- Problem to work on -
Copy out each line below verbatim, skipping any picture.
─── Raw data
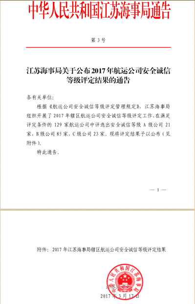 Zhonggang Construction Group., Ltd. was Granted “Class A Safe and Honest Company” in Shipping Company Safety and Honesty Grading 2017 Sponsored by Jiangsu Maritime Safety Administration
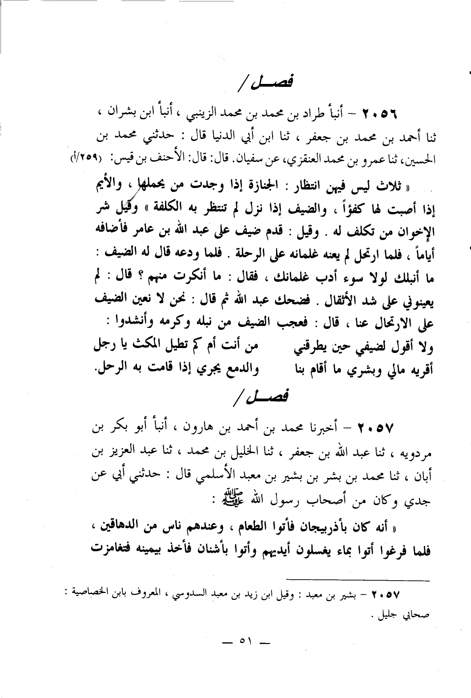2057- أخبرنا محمد بن أحمد بن هارون، أنبأ أبو بكر بن مردويه، ثنا عبد الله بن جعفر، ثنا الخليل بن محمد، ثنا عبد العزيز بن أبان، ثنا محمد بن بشر بن بشير بن معبد الأسلمي قال: حدثني أبي عن جدي وكان من أصحاب رسول الله صلى الله عليه وسلم:
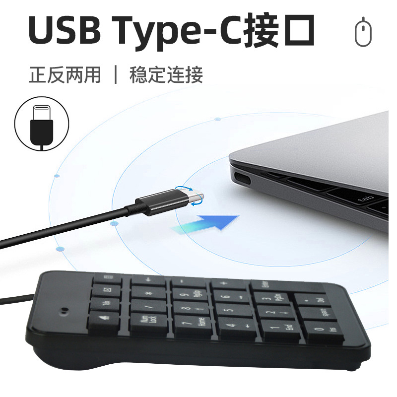 有线type-c USB-C 键盘银行出纳医院办公适用迷你USB 数字小键盘
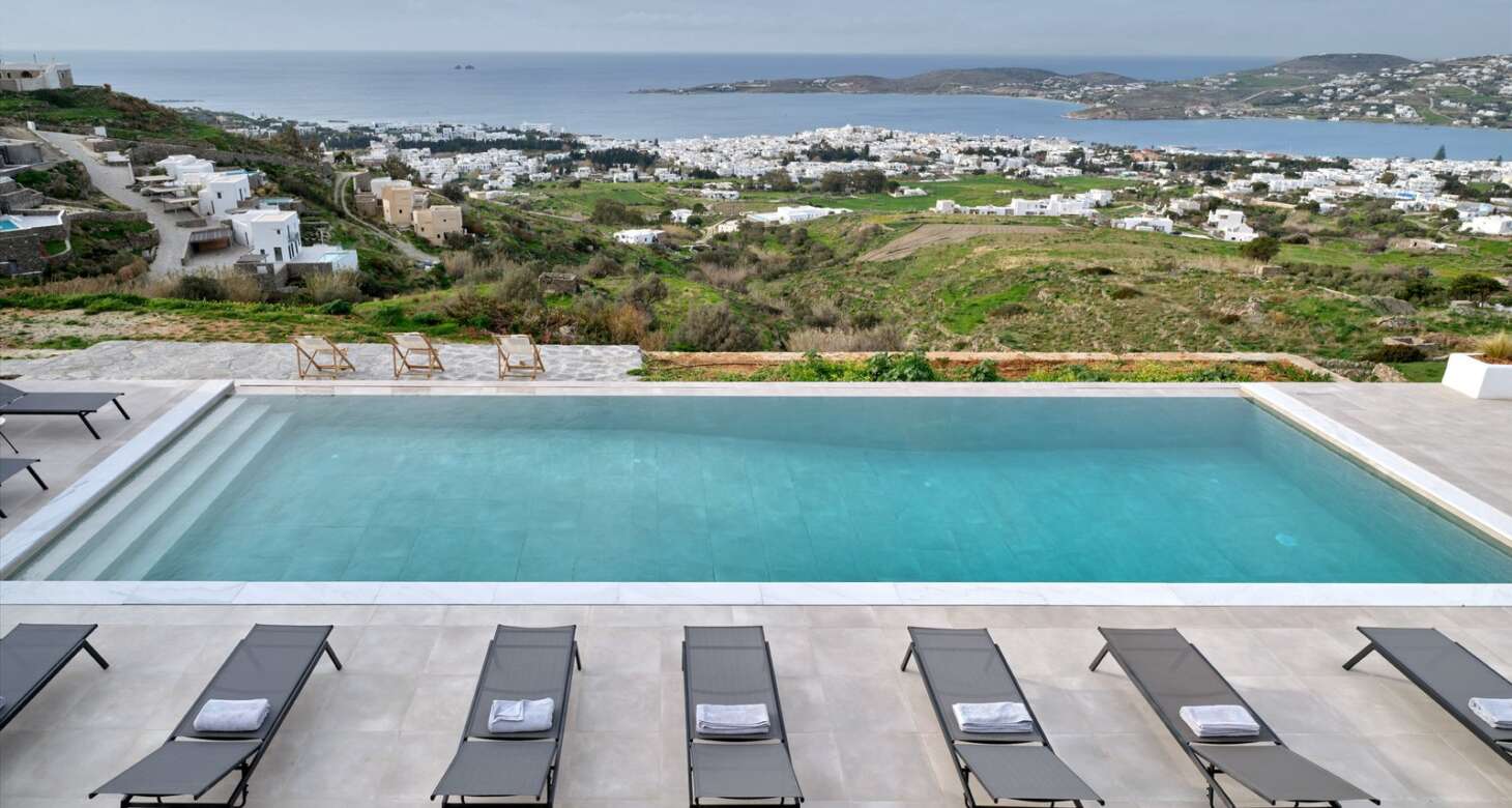 Nestled in the picturesque town of Parikia on Paros Island, Villa Azour is a luxurious 370 sqm retreat offering a serene blend of modern comfort and Cycladic charm. With breathtaking views of the Aegean Sea, the villa accommodates up to 13 guests, making it ideal for family gatherings, weddings, or group vacations. Its six spacious bedrooms, each with an en-suite bathroom, promise privacy and relaxation for all.
──────
- Solution for this exercise -
 Zhonggang Construction Group., Ltd. was Granted “Class A Safe and Honest Company” in Shipping Company Safety and Honesty Grading 2017 Sponsored by Jiangsu Maritime Safety Administration
2057- أخبرنا محمد بن أحمد بن هارون، أنبأ أبو بكر بن مردويه، ثنا عبد الله بن جعفر، ثنا الخليل بن محمد، ثنا عبد العزيز بن أبان، ثنا محمد بن بشر بن بشير بن معبد الأسلمي قال: حدثني أبي عن جدي وكان من أصحاب رسول الله صلى الله عليه وسلم:
 有线type-c USB-C 键盘银行出纳医院办公适用迷你USB 数字小键盘
 Nestled in the picturesque town of Parikia on Paros Island, Villa Azour is a luxurious 370 sqm retreat offering a serene blend of modern comfort and Cycladic charm. With breathtaking views of the Aegean Sea, the villa accommodates up to 13 guests, making it ideal for family gatherings, weddings, or group vacations. Its six spacious bedrooms, each with an en-suite bathroom, promise privacy and relaxation for all.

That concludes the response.